OpenAI tokenizer (for OpenAI embedding models):

import tiktoken
from docling_core.transforms.chunker.tokenizer.openai import OpenAITokenizer

tokenizer = OpenAITokenizer(
    tokenizer=tiktoken.encoding_for_model("text-embedding-3-small"),
    max_tokens=8192,
)
# Requires: pip install 'docling-core[chunking-openai]'

For chunking strategies and tokenizer details, see the Docling documentation on chunking and HybridChunker.

6. Analyze document structure

Use the DoclingDocument object directly to inspect structure:

doc = result.document

for item, level in doc.iterate_items():
    if hasattr(item, 'label') and item.label.name == 'SECTION_HEADER':
        print(f"{'#' * level} {item.text}")

for table in doc.tables:
    print(table.export_to_dataframe())   # pandas DataFrame
    print(table.export_to_markdown())

for picture in doc.pictures:
    print(picture.caption_text(doc))     # caption if present

For the full API surface, see Docling's structure and table export docs.

7. Evaluate output and iterate (required for "best effort" conversions)

After every conversion where the user cares about fidelity (not quick previews), run the bundled evaluator on the JSON export, then refine the pipeline if needed.
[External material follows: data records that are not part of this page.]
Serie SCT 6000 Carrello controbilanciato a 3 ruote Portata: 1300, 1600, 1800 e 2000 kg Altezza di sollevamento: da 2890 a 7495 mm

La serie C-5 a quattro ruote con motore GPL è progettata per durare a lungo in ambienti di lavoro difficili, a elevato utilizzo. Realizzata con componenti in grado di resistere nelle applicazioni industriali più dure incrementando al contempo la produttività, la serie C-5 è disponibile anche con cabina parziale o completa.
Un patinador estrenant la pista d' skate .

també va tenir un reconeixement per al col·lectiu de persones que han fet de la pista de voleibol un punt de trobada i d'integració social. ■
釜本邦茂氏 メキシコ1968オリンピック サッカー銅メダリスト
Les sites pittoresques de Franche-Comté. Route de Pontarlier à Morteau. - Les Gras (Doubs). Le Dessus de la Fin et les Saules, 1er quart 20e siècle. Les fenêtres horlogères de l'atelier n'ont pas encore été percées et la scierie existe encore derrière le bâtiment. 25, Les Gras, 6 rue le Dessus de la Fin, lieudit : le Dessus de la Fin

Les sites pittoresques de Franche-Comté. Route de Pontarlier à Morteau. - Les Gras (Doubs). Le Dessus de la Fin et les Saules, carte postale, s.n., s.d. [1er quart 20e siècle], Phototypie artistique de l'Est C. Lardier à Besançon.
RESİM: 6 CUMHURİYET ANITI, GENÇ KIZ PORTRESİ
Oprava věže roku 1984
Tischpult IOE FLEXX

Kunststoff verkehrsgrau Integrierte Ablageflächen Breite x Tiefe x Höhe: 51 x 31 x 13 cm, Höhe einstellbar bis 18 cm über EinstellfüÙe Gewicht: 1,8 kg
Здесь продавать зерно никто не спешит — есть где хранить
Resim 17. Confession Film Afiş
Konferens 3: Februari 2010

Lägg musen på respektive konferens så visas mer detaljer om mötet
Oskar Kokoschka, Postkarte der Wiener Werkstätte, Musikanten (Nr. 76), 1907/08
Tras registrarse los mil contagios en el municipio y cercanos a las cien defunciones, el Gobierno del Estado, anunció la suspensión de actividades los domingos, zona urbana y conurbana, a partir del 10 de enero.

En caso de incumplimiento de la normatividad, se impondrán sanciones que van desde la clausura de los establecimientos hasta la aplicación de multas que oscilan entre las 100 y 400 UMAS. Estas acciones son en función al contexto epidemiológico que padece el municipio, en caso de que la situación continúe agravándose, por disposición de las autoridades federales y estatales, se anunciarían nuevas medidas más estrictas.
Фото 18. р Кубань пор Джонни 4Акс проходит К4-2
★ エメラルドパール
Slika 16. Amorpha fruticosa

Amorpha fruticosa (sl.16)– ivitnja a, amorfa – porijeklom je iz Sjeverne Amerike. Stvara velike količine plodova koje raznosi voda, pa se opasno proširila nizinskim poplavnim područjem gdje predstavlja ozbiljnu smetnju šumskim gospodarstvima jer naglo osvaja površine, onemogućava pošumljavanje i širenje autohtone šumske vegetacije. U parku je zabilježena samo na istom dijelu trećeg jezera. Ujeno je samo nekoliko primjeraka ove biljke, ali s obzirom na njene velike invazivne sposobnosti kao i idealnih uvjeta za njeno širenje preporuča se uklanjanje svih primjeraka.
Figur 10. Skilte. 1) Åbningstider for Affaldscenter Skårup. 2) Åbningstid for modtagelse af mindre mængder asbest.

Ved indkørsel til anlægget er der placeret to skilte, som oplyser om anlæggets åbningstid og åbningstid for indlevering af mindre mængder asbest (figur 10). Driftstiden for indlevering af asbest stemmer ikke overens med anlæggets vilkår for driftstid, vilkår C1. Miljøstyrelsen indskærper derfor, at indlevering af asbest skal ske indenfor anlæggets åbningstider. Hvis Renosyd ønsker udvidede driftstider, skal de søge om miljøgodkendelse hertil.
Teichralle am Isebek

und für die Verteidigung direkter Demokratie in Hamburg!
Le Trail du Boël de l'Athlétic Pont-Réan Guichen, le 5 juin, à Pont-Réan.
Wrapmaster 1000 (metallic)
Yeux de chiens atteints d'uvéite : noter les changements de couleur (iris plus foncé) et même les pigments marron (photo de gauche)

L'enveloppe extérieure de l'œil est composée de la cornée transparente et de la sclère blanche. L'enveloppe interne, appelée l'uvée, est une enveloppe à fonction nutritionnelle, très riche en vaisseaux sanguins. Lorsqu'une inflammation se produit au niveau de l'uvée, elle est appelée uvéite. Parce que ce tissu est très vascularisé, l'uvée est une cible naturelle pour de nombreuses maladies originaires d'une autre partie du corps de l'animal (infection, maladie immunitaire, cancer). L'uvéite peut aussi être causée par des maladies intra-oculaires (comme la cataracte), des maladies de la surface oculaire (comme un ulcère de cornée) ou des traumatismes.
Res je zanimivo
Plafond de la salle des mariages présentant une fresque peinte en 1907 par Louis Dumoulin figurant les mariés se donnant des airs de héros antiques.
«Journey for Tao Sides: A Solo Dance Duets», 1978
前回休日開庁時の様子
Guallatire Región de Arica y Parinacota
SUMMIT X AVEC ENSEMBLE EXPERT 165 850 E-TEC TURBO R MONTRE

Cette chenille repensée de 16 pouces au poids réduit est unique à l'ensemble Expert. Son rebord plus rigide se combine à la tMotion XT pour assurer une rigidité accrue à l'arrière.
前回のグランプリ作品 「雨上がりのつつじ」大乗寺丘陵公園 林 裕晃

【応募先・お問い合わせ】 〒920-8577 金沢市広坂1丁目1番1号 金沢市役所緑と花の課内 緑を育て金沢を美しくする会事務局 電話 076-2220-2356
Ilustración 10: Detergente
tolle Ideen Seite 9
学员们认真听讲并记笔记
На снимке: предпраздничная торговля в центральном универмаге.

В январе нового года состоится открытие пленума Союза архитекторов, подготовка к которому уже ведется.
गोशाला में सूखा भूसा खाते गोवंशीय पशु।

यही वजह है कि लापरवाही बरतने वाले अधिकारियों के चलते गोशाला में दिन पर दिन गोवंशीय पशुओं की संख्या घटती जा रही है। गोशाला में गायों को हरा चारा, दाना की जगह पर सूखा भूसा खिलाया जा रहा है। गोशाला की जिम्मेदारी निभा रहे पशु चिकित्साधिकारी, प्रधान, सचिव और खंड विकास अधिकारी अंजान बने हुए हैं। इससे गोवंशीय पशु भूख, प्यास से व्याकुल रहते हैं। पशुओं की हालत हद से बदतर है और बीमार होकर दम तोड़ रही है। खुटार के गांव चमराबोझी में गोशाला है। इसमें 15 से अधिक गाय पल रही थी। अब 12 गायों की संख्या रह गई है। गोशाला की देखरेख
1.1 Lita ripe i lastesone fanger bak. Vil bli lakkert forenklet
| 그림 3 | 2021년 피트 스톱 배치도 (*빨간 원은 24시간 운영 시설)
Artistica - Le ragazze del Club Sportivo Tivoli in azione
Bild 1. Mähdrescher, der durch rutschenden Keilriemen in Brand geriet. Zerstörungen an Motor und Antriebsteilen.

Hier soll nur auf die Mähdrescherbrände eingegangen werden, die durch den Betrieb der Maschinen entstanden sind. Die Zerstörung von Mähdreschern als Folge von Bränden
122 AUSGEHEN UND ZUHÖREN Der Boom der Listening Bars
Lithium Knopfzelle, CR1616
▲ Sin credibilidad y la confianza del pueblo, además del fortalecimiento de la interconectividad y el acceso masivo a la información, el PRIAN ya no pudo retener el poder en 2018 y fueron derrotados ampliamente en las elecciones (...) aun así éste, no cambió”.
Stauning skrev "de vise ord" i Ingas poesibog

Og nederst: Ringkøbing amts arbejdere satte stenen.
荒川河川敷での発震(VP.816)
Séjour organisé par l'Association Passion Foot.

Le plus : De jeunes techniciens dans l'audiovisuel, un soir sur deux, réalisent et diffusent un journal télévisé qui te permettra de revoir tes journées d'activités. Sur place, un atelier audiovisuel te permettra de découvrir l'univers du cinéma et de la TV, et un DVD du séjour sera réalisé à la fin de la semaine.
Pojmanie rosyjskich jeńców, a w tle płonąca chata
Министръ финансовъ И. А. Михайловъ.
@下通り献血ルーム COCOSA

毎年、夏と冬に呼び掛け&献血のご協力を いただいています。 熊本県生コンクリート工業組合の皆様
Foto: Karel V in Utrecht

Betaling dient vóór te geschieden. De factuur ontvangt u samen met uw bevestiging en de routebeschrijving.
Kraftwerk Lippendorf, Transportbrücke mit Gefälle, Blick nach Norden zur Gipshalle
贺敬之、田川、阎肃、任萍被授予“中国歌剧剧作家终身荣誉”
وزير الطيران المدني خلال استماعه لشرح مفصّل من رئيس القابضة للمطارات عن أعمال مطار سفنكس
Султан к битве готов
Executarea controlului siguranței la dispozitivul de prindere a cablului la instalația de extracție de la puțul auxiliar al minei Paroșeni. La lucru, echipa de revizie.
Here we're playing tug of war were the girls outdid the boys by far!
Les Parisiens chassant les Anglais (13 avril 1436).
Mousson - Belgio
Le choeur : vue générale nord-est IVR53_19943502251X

This is how the agent checks its work and improves the run without guessing.

Step A — Produce JSON and optional Markdown

docling "<source>" --to json --output /tmp/
docling "<source>" --to md --output /tmp/

Step B — Evaluate

python3 scripts/docling-evaluate.py /tmp/<filename>.json --markdown /tmp/<filename>.md

If the user expects tables (invoices, spreadsheets in PDF), add --expect-tables. Tighten gates with --fail-on-warn in CI-style checks.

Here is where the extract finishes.